[About this exercise]: Given the records below, would you repeat exactly the lines that begin at the one containing "지난 26일 김근배 사천시산림조합장, 조준필" and end at the one containing "Los shorts de", inclusive?

[Material for the task]:
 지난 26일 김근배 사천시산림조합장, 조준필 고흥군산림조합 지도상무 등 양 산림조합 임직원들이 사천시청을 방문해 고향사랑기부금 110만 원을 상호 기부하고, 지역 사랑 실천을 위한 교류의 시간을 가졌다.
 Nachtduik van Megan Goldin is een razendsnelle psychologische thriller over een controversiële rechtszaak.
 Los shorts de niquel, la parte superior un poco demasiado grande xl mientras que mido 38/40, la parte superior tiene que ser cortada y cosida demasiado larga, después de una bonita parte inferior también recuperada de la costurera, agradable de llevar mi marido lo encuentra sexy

* * *

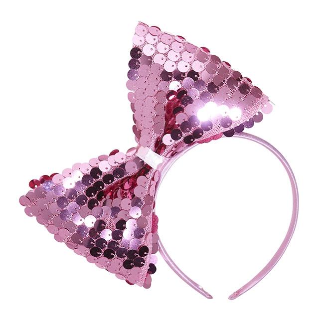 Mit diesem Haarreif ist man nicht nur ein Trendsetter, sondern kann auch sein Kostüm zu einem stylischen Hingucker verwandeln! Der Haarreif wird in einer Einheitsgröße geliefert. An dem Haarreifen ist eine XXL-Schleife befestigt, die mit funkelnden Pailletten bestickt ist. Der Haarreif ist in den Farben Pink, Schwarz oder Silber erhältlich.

[Result of this task]:
 지난 26일 김근배 사천시산림조합장, 조준필 고흥군산림조합 지도상무 등 양 산림조합 임직원들이 사천시청을 방문해 고향사랑기부금 110만 원을 상호 기부하고, 지역 사랑 실천을 위한 교류의 시간을 가졌다.
 Nachtduik van Megan Goldin is een razendsnelle psychologische thriller over een controversiële rechtszaak.
 Los shorts de niquel, la parte superior un poco demasiado grande xl mientras que mido 38/40, la parte superior tiene que ser cortada y cosida demasiado larga, después de una bonita parte inferior también recuperada de la costurera, agradable de llevar mi marido lo encuentra sexy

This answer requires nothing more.